Reação em cadeia da polimerase da microesfera para amplificar o DNA de fita simples

A microesfera-PCR usa uma esfera de tamanho micro acoplada a oligonucleotídeos em sua superfície, o que permite a amplificação preferencial do DNA de fita simples.

Para iniciar a microesfera-PCR, pegue uma mistura de reação contendo fitas de DNA de fita simples molde, primers diretos com uma etiqueta de nucleotídeo adicional, DNA polimerase termoestável, dNTPs e microesferas exibindo sondas de oligonucleotídeos de fita simples.

Coloque o tubo em um termociclador e funcione nas condições definidas.

No primeiro ciclo, na temperatura de recozimento, o DNA molde se liga à sonda na superfície da microesfera, de modo que o DNA molde funcione como a fita sensorial. Durante a extensão, a polimerase estende o DNA e o duplex permanece ligado à microesfera.

No ciclo seguinte, durante a desnaturação, o DNA molde se separa da microesfera, deixando a fita da sonda ligada à superfície - servindo como modelo para uma nova fita.

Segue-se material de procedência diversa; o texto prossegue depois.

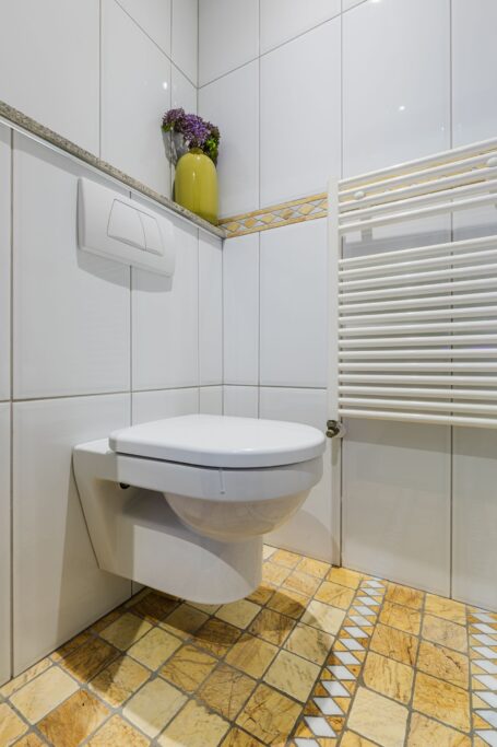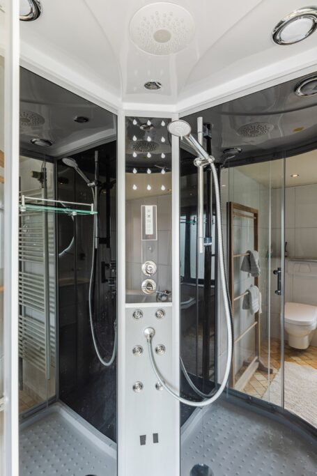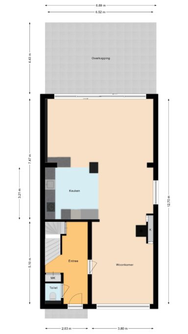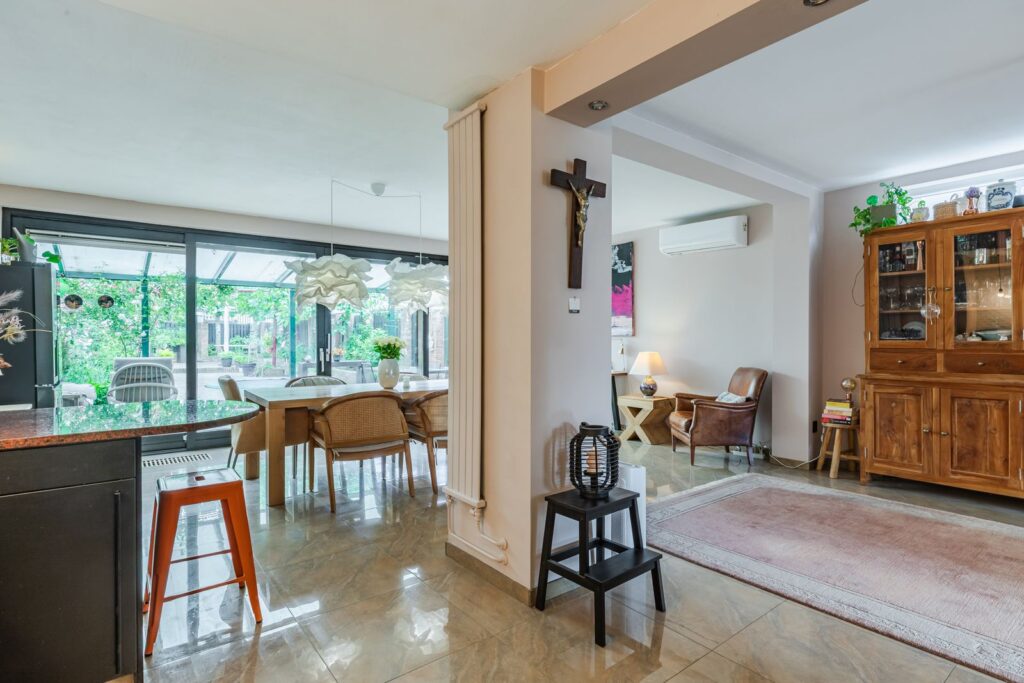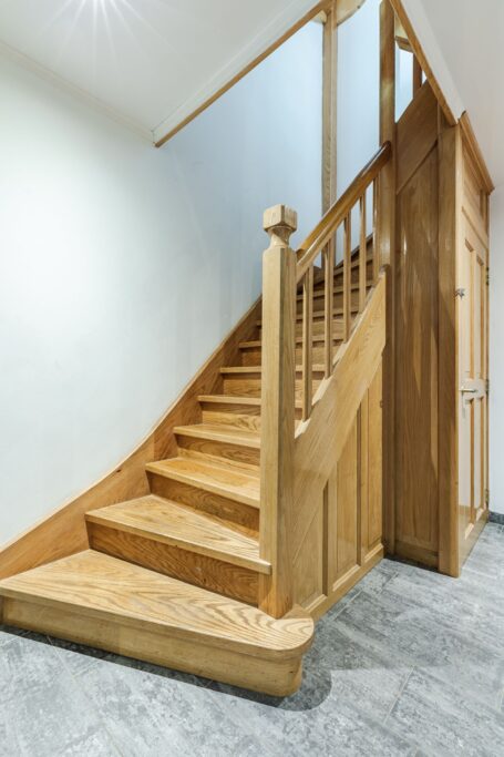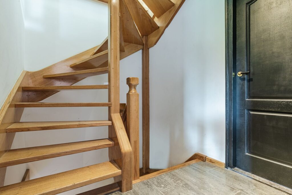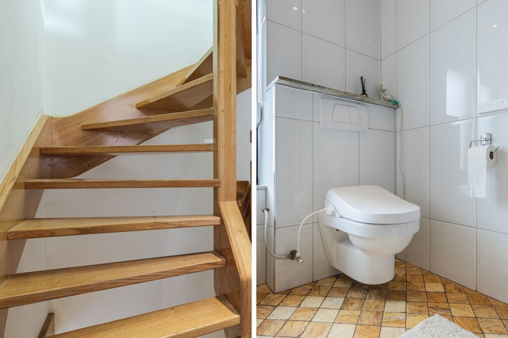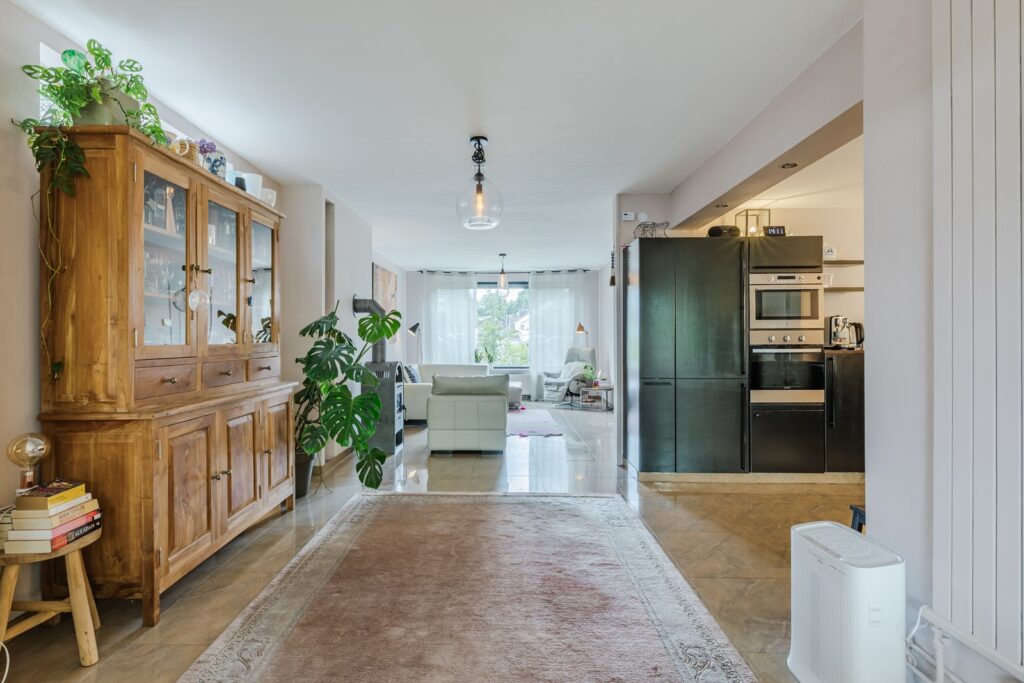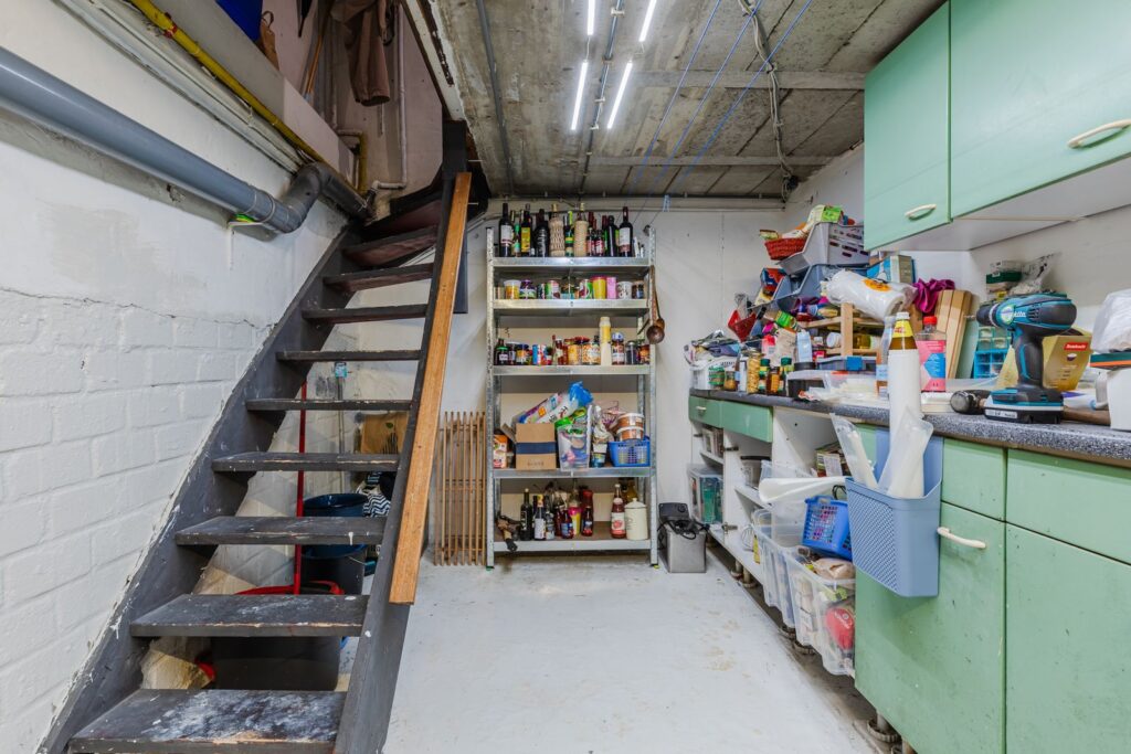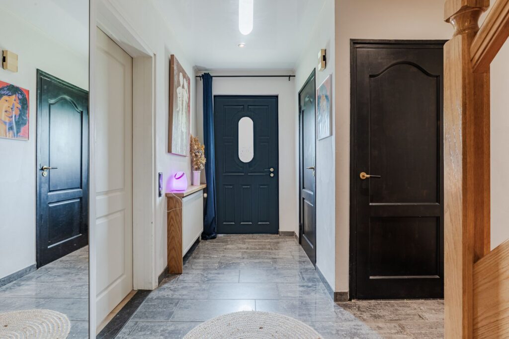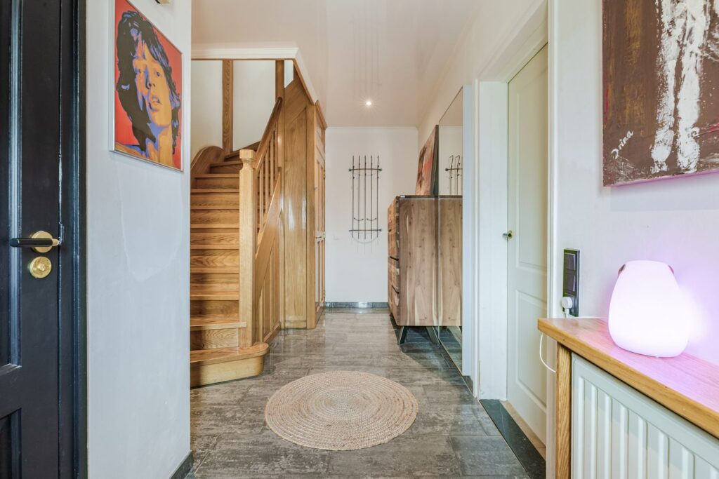 De royale entree geeft toegang tot de garderobe, de meterkast, de prachtige eiken trapopgang, het geheel betegeld gastentoilet, de woonkamer en de grote provisiekelder op stahoogte, waar zich de witgoedaansluitingen bevinden.

Durante o recozimento, o primer marcado se liga à fita antisense. Mais tarde, a polimerase o estende para sintetizar a fita sensorial com a etiqueta de nucleotídeos.

Repita o ciclo várias vezes para gerar várias cópias do DNA de fita simples sensorial, que vão para a solução, enquanto os contaminantes de fita dupla permanecem presos.

Transfira os produtos de PCR para um tubo contendo um tampão de carga. Carregue o produto e os marcadores em diferentes poços do gel e separe usando eletroforese em gel de agarose.

Os DNAs molde formam uma banda fraca de baixo peso molecular, enquanto uma banda intensa de alto peso molecular confirma a amplificação do DNA de fita simples.